I think lots of you saying this is normal is very worrying. I ignore cold callers and put the phone down when I realise it’s them I also ignore scam messages but my so called family and friends would of course get better treatment of an actual response!!!

I don’t care what others think now as I know in my mind who ever ignores me repeatedly I will not bother with. The relationship will with fizzle out as I won’t bother and they won’t either.

OP posts:
SabreIsMyFave · 10/11/2024 22:09

100% get you @iCantStopppEating Flowers It is (as you say) particularly annoying if you are trying to arrange a coffee with someone, and you want to put it in your diary/on your calendar so you can plan your week, and know what you're doing - (and when.) It's incredibly irritating when they don't answer. (And you know they have read your message.)

Or even worse, I have one friend who answers sometimes after a day to a day and a half! (And it's only ever after my second message saying 'hey did ya get me message? Smile Wanna meet up week commencing 15th July? Let me know which day...,)

Then she says 'I have to look at my rota for week commencing 15th July. I will get back to you.' 2 days later, she still hasn't messaged. I'm thinking 'fucking hell woman, come on! 3 days after my first message saying 'do you want to meet for coffee soon?' and I still don't know which day we're meeting next week. I do have a life, and may want to plan other stuff. It's often 4 days later, and occasionally I end up messaging her AGAIN to remind her!

I have started to say to this particular friend 'I am free 15th, 17th, and 21st, which day can you meet out of those 3?' Because I am fed up of saying 'I am free from 15th July to 22nd, what day can you meet?' And 3 days later she hasn't let me know. Pisses me off. It's as if she thinks I have fuck-all else going on in my life, and she can just keep me hanging!

CoffeeCakeAndALattePlease · 10/11/2024 22:12

I used to be brilliant at replying to messages. My life has been one much harder and consequently I often see a message, plan to reply when I have time, then get distracted by the chaos and completely forget. Then remember a few days later. Not always but it does happen sometimes.

im very apologetic and my friends and family are very understanding, thank goodness.

iCantStopppEating · 10/11/2024 22:13

@SabreIsMyFave that is really frustrating! Tbh I would have given up on this friend by now!

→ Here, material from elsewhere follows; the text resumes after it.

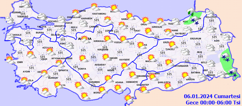 Meteoroloji Genel Müdürlüğü tarafından yapılan son değerlendirmelere nazaran, ülkemiz genelinin kesimli ve çok bulutlu, Doğu Karadeniz geneli, Doğu Anadolu’nun kuzey ve doğusu, Güneydoğu Anadolu’nun doğusu ve Antalya’nın doğusunun yağışlı geçeceği; Doğu Karadeniz’in iç bölümleri ile Doğu Anadolu’nun kuzey ve doğusunda beklenen yağışların karla karışık yağmur ve kar, öbür yerlerde yağmur ve sağanak halinde görüleceği varsayım ediliyor. İç kısımlarda gece ve sabah saatlerinde pus, yer yer sis bekleniyor.

I feel embarrassed writing this but it’s an anonymous forum so here goes: I also think sometimes it’s a “power move” to keep a person waiting when a response is needed in arranging a day. I haven’t dated for 20+ years but I remember people deliberately ignoring to get more interest?! I kind of feel a friend should respond. I wonder if they feel they will look desperate if they respond straight away like they have no friends?

OP posts:
sallybr8 · 10/11/2024 22:50

I think YABU, needy and judgemental.

Life is busy and chaotic enough without thinking that the people who are actually meant to like me for who I am need instant gratification in response to my messages. I have friends I have contact with daily and others I see once a year. I love them all to bits. The only reason I worry when I don't hear back is that something might not be ok with them. Because not everything is about me.

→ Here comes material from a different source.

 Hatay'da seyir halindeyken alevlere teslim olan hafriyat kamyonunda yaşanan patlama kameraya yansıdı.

SabreIsMyFave · 10/11/2024 22:54

iCantStopppEating · 10/11/2024 22:13

@SabreIsMyFave that is really frustrating! Tbh I would have given up on this friend by now!

I feel embarrassed writing this but it’s an anonymous forum so here goes: I also think sometimes it’s a “power move” to keep a person waiting when a response is needed in arranging a day. I haven’t dated for 20+ years but I remember people deliberately ignoring to get more interest?! I kind of feel a friend should respond. I wonder if they feel they will look desperate if they respond straight away like they have no friends?

Yeah you could have a point - about it being a power trip, but I don't know why people do it. TBH I am giving this friend a bit of a wide berth now. It's a shame because we go back some 20 years, but I am sick of her fucking me about.

And a part of me thinks that she keeps me dangling in case something better comes along for her, and yeah on some level it does feel like a power trip. Keeping me waiting.

And yeah, I wonder if some people do wait - a number of hours, or even a day or two - to respond, in case people think they have no life/no other friends. I would never think that though - if someone responded quickly, and made a date to meet me!

!

Baconandddddeggs · 10/11/2024 23:05

How many times have I started to reply to a message then got distracted by the doorbell or someone asking me to do somethig???? put phone down - get involved in whatever took me from the message - totally forgot about the message… other messages come in and it’s pushed down so I don’t see it.

3 days later I suddenly for no reason - remember the message and reply (with an apology)

it’s really nothing personal - just so often you get waylaid in the middle of doing things and forget to respond.

if it is something important and you’d expect a reply - send another text or call me ?

but please don’t take umbridge with the fact that I got distracted and that ‘how you doing? - smiley face emoji smiley face emoji ‘ Wasn’t the biggest priority in my life and I didn’t respond. It really isn’t personal and is just that life can be hectic and chaotic and I’m human and forget things!!!

SabreIsMyFave · 10/11/2024 23:13

I think @Baconandddddeggs is my flaky 'friend.' 3 days after a message she still hasn't been arsed to message back and is thinking 'if you want me THAT bad, message me again, or call me!' What breathtakingly arrogant and narcissistic behaviour. I'm amazed some people manage to keep friends.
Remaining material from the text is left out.